Geçen haftanın önemli konu başlıklarından bir tanesi Avrupa Parlamentosu'nun ilerleme raporu ve bu raporun Türkiye tarafından yok hükmünde sayılacağıydı.
Geçen haftanın önemli konu başlıklarından bir tanesi Avrupa Parlamentosu’nun ilerleme raporu ve bu raporun Türkiye tarafından yok hükmünde sayılacağıydı. Önce Parlamento raporunu doğru yerine koyalım. Avrupa Parlamentosu tam üyelik süreci ile ilgili olarak son sözü söyleme yetkisindedir. Yani müzakereler sürerken Parlamento’nun bildirdiği bir görüş zaten yok hükmündedir. Müzakere süreci ile ilgili yetki Avrupa Komisyonu’na verilmiş olup, Komisyon süreçle ilgili değerlendirmelerini yıllık bazda hazırladığı “İlerleme Raporu” aracılığı ile ortaya koyar. Bu raporun açıklanma dönemi Ekim, bazı istisnai hallerde Kasım ayıdır. Parlamento bütün müzakereler tamamlandıktan, bir Katılma Antlaşması oluşturulduktan, üye devletlerin kendi iç onay prosedürleri yerine getirildikten sonra usulen Antlaşmayı onaylayacaktır. Yine tekrar edelim, Parlamento’nun arada açıkladığı bu raporların süreçle ilgisi teknik olarak yoktur. Sadece belirli bir kamuoyu oluşturan, birkaç haftalığına gündemi işgal eden bir metin olmaktan öteye, hele bu aşamada ve konjonktürde geçemez. Peki Parlamento’nun ortaya koyduğu bu görüşler Avrupa Komisyonu’nun 2016 İlerleme Raporunu etkiler mi? Sorunun yanıtı ne tam evet, ne de tam hayırdır. Komisyon bağımsız bir değerlendirme kuruluşu değildir. Son analizde AB siyasetinin yürütme organı kimliğini taşır ve arkasındaki siyasi öncelikler ve talimatlar doğrultusunda raporunu hazırlar. Diğer ifadesi ile bu raporlar şekil olarak “teknik” diye pazarlansalar da, siyasetin gerekleri ve diplomasi kullanılan dilin ağırlığını belirler.

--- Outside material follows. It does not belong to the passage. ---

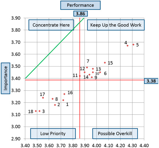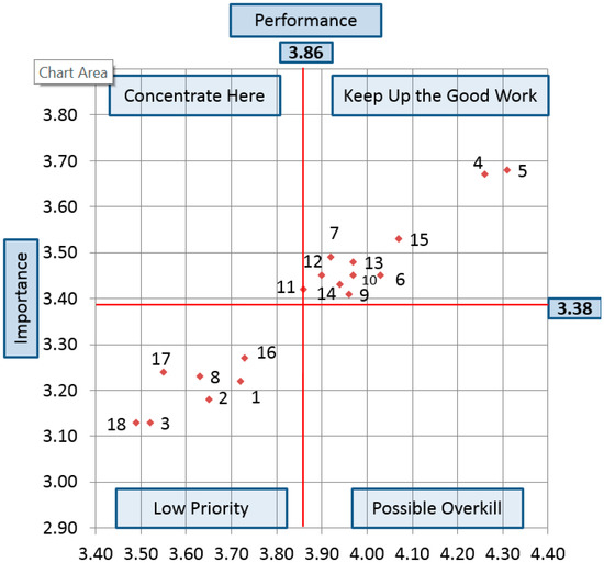 Interpretation of the IPA plot is straightforward [52]. Attributes that are important to customers, but that have fairly low-performance levels are classified into Quadrant 1, “Concentrate here”. Placement in this cell suggests that improvement efforts are necessary. Quadrant 2, “Keep up the good work”, displays attributes that are perceived to be very important to customers, and simultaneously, that the organization performs well. Some attributes may fall in Quadrant 3, “Low priority”, because both importance and performance ratings of the attributes are lower than the average. These items are likely to receive a low priority in resource allocation decisions. “Possible overkill” in Quadrant 4 specifies that the attributes falling in this area are relatively less important, but that the company performs well on these attributes.

Eğer AB karar alıcıları Türkiye ile köprüleri atmak arzusundaysalar tam olarak Avrupa Parlamentosu’nun üslubunu benimseyen bir rapora yeşil ışık yakarlar, Türkiye’nin önemini ön plana çıkartıyorlarsa, en ağır eleştirileri en hafif sözcüklerle geçiştirmeye çalışırlar. İçinde bulunduğumuz dönem bize AB’nin Türkiye’yi gözden çıkarma şansının olmadığına işaret etmektedir. Dolayısı ile Avrupa Komisyonu raporunun Parlamento’nun en ufak nezaketten yoksun Raporuna göre çok daha dengeleri gözetici bir içerikte olacağını tahmin etmek kahin olmayı gerektirmez. Hatta Parlamento raporunun bizden ziyade AB ülkelerinin kendi siyasetlerine verdiği zarar nedeniyle içerden eleştirilmesini de işitmek şaşırtıcı olmayacaktır. Peki, bütün kızgınlığımıza rağmen, katılma arzusunu beyan ettiğimiz Avrupa değerleri ile bu kadar çatışmak doğru mudur? Bu soruya da cevap kuşkusuz hayırdır. AB’nin siyasi kriterlerine uymak, AB’ye katılmaktan ziyade biz Türk insanlarının huzuru içindir. Ancak bu noktada AB’ye de şu iki başlıkla ilgili soruyu sürekli sormaktan geri durmamalıyız.
Türkiye’nin en fazla eleştirildiği Avrupa değerleri ile birebir ilgili iki müzakere başlığını alt alta yazalım: 23. başlık: Yargı ve Temel Haklar 24. Başlık: Adalet, Özgürlük ve Güvenlik Bu iki başlığın müzakerelere başlanmasının önündeki tek engel Kıbrıs bahanesi. Eğer AB kendi hatası ile Ada’da kalıcı çözüm olmadan Güney Kıbrıs Rum kesimini tam üyeliğe kabul etmiş ve Kıbrıs’ın ardına sığınarak tam üyelik müzakerelerini fiili olarak askıya almış görüntüsü veriyorsa, bu alandaki eleştirilerinde (haklı olsa bile) ne kadar samimi olabilir sorusu yanıtsız kalmaya devam edecektir. Avrupa Parlamentosu raporunu yok hükmünde saymaya devam edelim etmesine de, doğru soruları da bu vesileyle sormayı da bilelim.